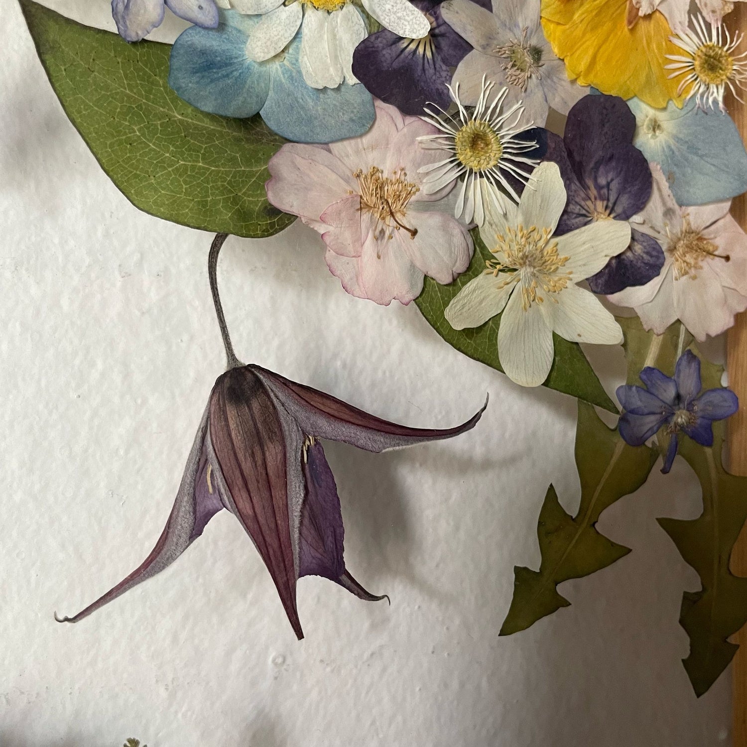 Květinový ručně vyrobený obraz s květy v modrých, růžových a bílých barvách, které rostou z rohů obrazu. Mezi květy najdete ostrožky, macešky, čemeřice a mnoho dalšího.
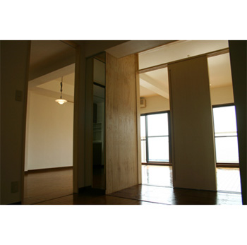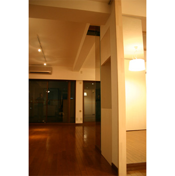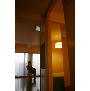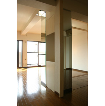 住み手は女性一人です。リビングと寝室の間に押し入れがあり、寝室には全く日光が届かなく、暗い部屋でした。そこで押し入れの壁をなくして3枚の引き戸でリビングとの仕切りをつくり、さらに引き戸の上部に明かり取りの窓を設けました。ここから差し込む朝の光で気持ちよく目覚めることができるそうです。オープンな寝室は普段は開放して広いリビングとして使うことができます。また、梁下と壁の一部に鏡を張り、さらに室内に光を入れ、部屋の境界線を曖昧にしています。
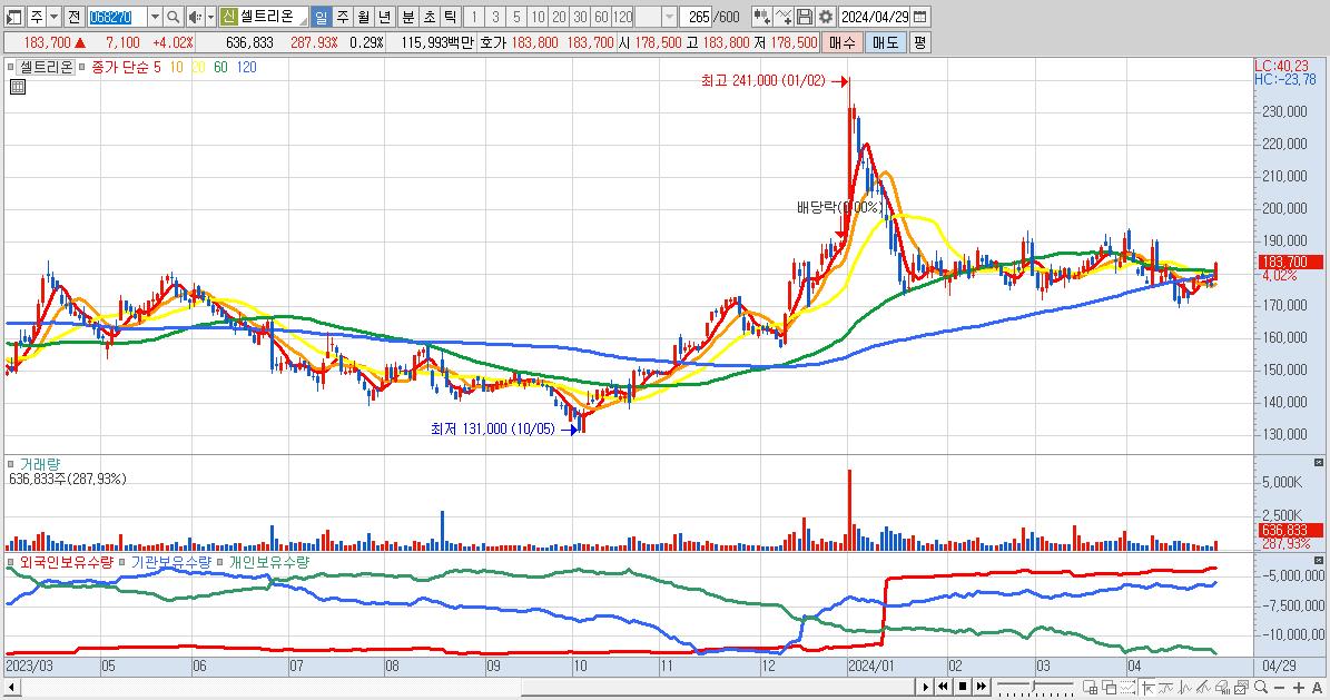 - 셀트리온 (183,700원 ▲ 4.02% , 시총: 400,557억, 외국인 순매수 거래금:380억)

Instructions to follow: Copy out the whole listing exactly. Skip its pictures.

Solution to this task:
 Květinový ručně vyrobený obraz s květy v modrých, růžových a bílých barvách, které rostou z rohů obrazu. Mezi květy najdete ostrožky, macešky, čemeřice a mnoho dalšího.
 住み手は女性一人です。リビングと寝室の間に押し入れがあり、寝室には全く日光が届かなく、暗い部屋でした。そこで押し入れの壁をなくして3枚の引き戸でリビングとの仕切りをつくり、さらに引き戸の上部に明かり取りの窓を設けました。ここから差し込む朝の光で気持ちよく目覚めることができるそうです。オープンな寝室は普段は開放して広いリビングとして使うことができます。また、梁下と壁の一部に鏡を張り、さらに室内に光を入れ、部屋の境界線を曖昧にしています。
 - 셀트리온 (183,700원 ▲ 4.02% , 시총: 400,557억, 외국인 순매수 거래금:380억)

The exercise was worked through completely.